Was ist für sie eine Gefahr?
Die Neugier unseres kleinen Freunds ist gleichzeitig eine große Gefahr. Kabel aller Art verlocken zum knabbern, was leicht tödlich ausgehen kann. Tödlich für das Tier und genauso auch eine Gefahr für den Menschen. Jede unbekannte Stelle und Ecke im Raum ist eine Verlockung, ganz besonders dann, wenn man das Chinchilla nachdrücklich von einer Stelle wegdrängt. Achtet man beim Auslauf nicht auf das Tier, dann besteht die Möglichkeit, daß es vielleicht in einer Blumenvase oder im Putzeimer ertrinkt. Auch ein nasses Fell ist eine Gefahr. Das Tier muss sofort mit einem Handtuch vorsichtig abgetrocknet werden und ein ausgiebiges Staubbad nehmen.

Was brauchen sie als Futter?
Gutes Heu ist der Hauptgang. Zusätzlich braucht ein Chinchilla Spezialfutter, sogenannte Pellets. In diesen ist vieles enthalten was das Tier braucht. Ungeeignet , ja gefährlich, sind Futtermischungen für Hasen, Meerschweinchen oder Hamster. Als Zugabe ist Grünfutter notwendig, doch davon nicht zuviel. Ein Salzleckstein und Zusätze mit Mineralien sind ebenfalls wichtig. Leckereien, wie Haselnüsse, Rosinen oder ein kleines Stück einer Salzstange dürfen nur äußerst sparsam gegeben werden. Dabei muss man hart gegen sich selbst sein, denn sie können ungemein gut betteln. Zusätzlich kann auch ein Stück hartes Brot, ein kleines Stück Apfel, Banane, Karotte oder eine ungekochte Nudel gereicht werden. In Gefangenschaft braucht das Tier eine Tränke. Gut geeignet sind Hamstertrinkröhren aus Glas, da diese gut gereinigt werden können. Wichtig: Chinchilla haben ein anfälliges Verdauungssystem. Falsche Ernährung führt schnell zu Verstopfung oder Durchfall und gefährdet das Leben des Tieres. Bei den ersten Anzeichen ist sofort zu handeln. Bei Anzeichen von Verstopfung oder Durchfall hat sich als erste Maßnahme die Gabe von circa einer Messerspitze 'Karlsbader Salz', aufgeloest im Trinkwasser, bewährt. Sollte innerhalb der folgenden 3 bis 4 Tage keinerlei Besserung sichtbar sein so ist dringend der Tierarzt aufzusuchen. Die Tiere können nicht alle Stoffe im ersten Durchgang aufschließen. Deshalb fressen sie manche Kotballen noch einmal. Dieser Vorgang ist absolut lebenswichtig und darf nicht falsch verstanden oder dem Tier gar nachdrücklich abgewöhnt werden, sonst würde es langsam und qualvoll verhungern. Ob das Tier gesund ist läßt sich unter anderem an der Qualität der Kotballen ablesen.

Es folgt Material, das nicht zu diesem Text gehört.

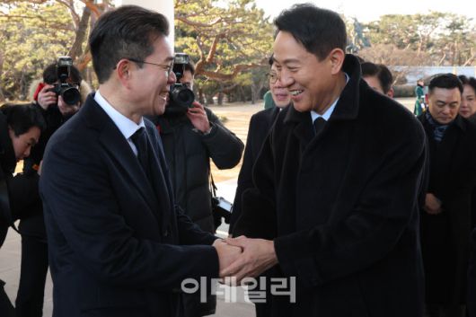 [이데일리 이영훈 기자] 오세훈 서울시장(오른쪽)과 정원오 성동구청장이 새해 첫날인 1일 서울 동작구 국립서울현충원에서 현충탑에 참배를 마친 뒤 인사하고 있다.

Für wen ist ein Chinchilla ungeeignet?
Beim Baden und beim Auslauf wird der Steinstaub weit verteilt. Eine Katastrophe für alle putzwütigen Hausfrauen und -männer. Bei seinen Exkursionen läßt das Tierchen auch ständig Kotballen fallen. Diese sind jedoch bei einem gesunden Tier von fester Konsistenz und können problemlos mit Staubsauger und Besen beseitigt werden. Doch ab und zu lässt es auch seinen Urin zurück. Chinchilla sind also nicht stubenrein. Kritisch ist auch die Neigung des Tieres alles zu beknabbern. Dabei bleibt nichts verschont und Bücher, Holzmöbel und Tapeten leiden besonders. Ein Chinchilla ist ein agiles Tierchen, man sieht es hier, doch schon ist es dort. Vernachlässigt man die Aufsicht beim Auslauf, dann hat das Tier schnell seine Spuren hinterlassen. Ein Chinchilla mag zwar gern gestreichelt werden und kuschelt auch gern einmal für ein paar Minuten, doch es ist kein reinrassiges Schmusetier und durch die Lebenszeit von weit mehr als zehn Jahren geht man eine lange Bindung ein.

In jedem Fall sollte vor der Entscheidung für ein Chinchilla ein Buch über die Haltung als Haustier gelesen werden.